My grandfather literally ran from me at Thanksgiving Community Only (
self.trans)
submitted 29 days ago * by
YourFriendJeebus
Just need to rant a little. My wife (cis) and I (mtf) were making the rounds this Thanksgiving, visiting my family. We spent the majority of Thanksgiving with my liberal, and fully accepting mom's side of the family (my parents divorced many years ago), but we decided to stop by my dad's side on our way home to say hi. My dad and stepmom are accepting and have honestly done their best to educate themselves, so we enjoy hanging around them. I've been out for about a year and a half, and on hrt for a year. My deeply conservative grandfather was told about my transition about three months ago by my dad, with my blessing of course. I haven't seen my grandfather in almost a year, so a lot has changed. I present femme socially 100% of the time, and I've been told that I pass, so I sometimes assume I do. That day, I certainly passed.
Regarding my grandfather, I've always noticed a fairly extreme level of misogyny from him, but even with my obvious lack of masculinity, he still showed me unconditional love, or so I thought. Knowing he would be at this large, 30 person family gathering, was actually somewhat exciting because I'm so incredibly proud of my progress and mental state, and love sharing my joy and content with people I love. Not to mention, I really like the way I look most of the time. In my mind, he was about to meet the best, happiest, and most confident version of myself. I didn't do much with my makeup and hair, but I thought I looked quite cute. Anyway, when we get to the gathering, my wife and I walk in, my wife first, and myself close behind. As we make our way in, greeting everyone, it's clear that a few are uncomfortable, but I don't care because I finally love myself. We get to my dad and stepmom, and I immediately ask where my grandfather is because we didn't see him.

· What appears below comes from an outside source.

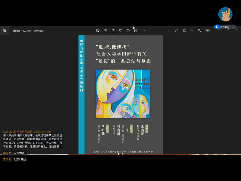 (宣传中心记者团记者 许勤、晏文荻报道)7月17日晚7时30分,YABO鸭脖官网人文讲坛“田野与理论反思”暑期系列讲座第三场在腾讯会议平台如期举行。本次会议由YABO鸭脖官网李天朗讲师主持,英国伦敦大学学院博士候选人王海潮受邀主讲,YABO鸭脖官网副教授于涛、云南大学副教授何海狮担任与谈人。

My dad then sits me down (he's always been quite open and honesty with me), so I know it's not good. He proceeds to tell us that as soon as we walked in, my grandfather, who was sitting on the couch, saw me, and realized he was "not ready." This 81 year old man proceeded to bolt off the couch and escape out through the back yard, got into his truck and left, without either of us noticing. My dad then tells me that he's been crying over my transition, as he sees me as his "first grandson." It's apparently hard for him to accept. Initially, I was stunned. I expected push back, or negativity, or even disparagement. I never expected him to run and hide from me. Obviously, I was hurt, especially since I never even behaved like a "grandson." After I composed myself, I began to realize that his immature decision negatively impacted everyone there. He left his wife, my step grandmother, there, who came up to me, hugged me tight, and said, "I still love you." He abandoned his entire family before food had even been served because he can't stand to look at his granddaughter.
As my wife and I were driving home, the gravity of it all fully sank in, and any sadness I felt turned into righteous indignation. I told my wife that I can possibly forgive this act, but never forget. I've decided that I will not mince words when, or if, we ever speak again. What he did was insulting to everyone there, and incredibly immature. He will not get anything past a second chance. He will know that if he cannot fully accept me, pronouns and all, then I am done with him. He'll know that if he thinks he lost his "grandson," he'll lose his granddaughter. I also will only allow a relationship if he not only apologizes to me, but also the relevant parties his actions affected. I'm not something or someone to be "accepted" as a reality. I am as I am. If he cannot "accept" that, then he can actually grieve for me as he sits alone on Christmas, or any other holiday, as the rest of the family embraces me.
Needless to say, I'm still taken aback by his actions, but I'm not going to let his cowardice or immaturity drag me down.
Thanks for reading my long rant. I just wanted to share this hurtful moment because it has become a demonstration of my resolve and confidence within myself. It's nice because she fully supports me, and she is certainly proud of how I'm handling this experience.
Edit: thanks for the replies and support. Like a lot of you, I definitely see the humor of this point. It had to look so ridiculous to everyone there who witnessed him scurry out as quick as he could. He must've looked so ridiculous in their eyes, that it probably distracted them from potential bigotry just for a bit. By comparison, only one of us looked "normal" in that moment.